**Task material:**

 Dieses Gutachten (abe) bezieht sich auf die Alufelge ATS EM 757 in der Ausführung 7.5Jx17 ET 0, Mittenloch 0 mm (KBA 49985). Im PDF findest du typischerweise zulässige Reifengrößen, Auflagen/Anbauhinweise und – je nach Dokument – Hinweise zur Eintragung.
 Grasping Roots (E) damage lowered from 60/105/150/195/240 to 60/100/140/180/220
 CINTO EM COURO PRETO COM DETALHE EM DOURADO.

* * *

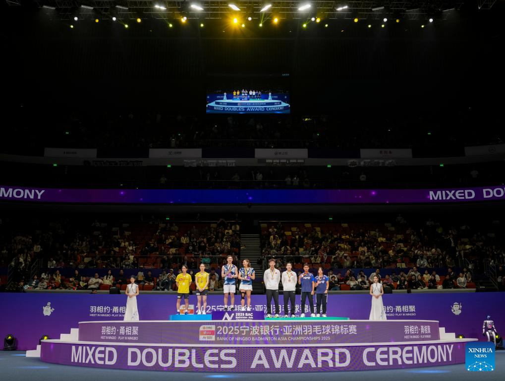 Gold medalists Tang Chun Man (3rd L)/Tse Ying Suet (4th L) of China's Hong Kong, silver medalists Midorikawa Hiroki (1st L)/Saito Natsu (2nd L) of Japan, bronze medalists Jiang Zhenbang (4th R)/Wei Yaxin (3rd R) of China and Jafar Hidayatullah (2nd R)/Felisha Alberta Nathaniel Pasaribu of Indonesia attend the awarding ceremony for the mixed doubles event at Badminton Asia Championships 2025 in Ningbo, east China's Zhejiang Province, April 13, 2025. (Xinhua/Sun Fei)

**Prompt:** Give an exact copy of the lines above from the line with "Dieses Gutachten (abe)" up to and including the line with "CINTO EM COURO PRETO COM DETALHE EM DOURADO.", and leave everything else out.

**Answer to this problem:**
 Dieses Gutachten (abe) bezieht sich auf die Alufelge ATS EM 757 in der Ausführung 7.5Jx17 ET 0, Mittenloch 0 mm (KBA 49985). Im PDF findest du typischerweise zulässige Reifengrößen, Auflagen/Anbauhinweise und – je nach Dokument – Hinweise zur Eintragung.
 Grasping Roots (E) damage lowered from 60/105/150/195/240 to 60/100/140/180/220
 CINTO EM COURO PRETO COM DETALHE EM DOURADO.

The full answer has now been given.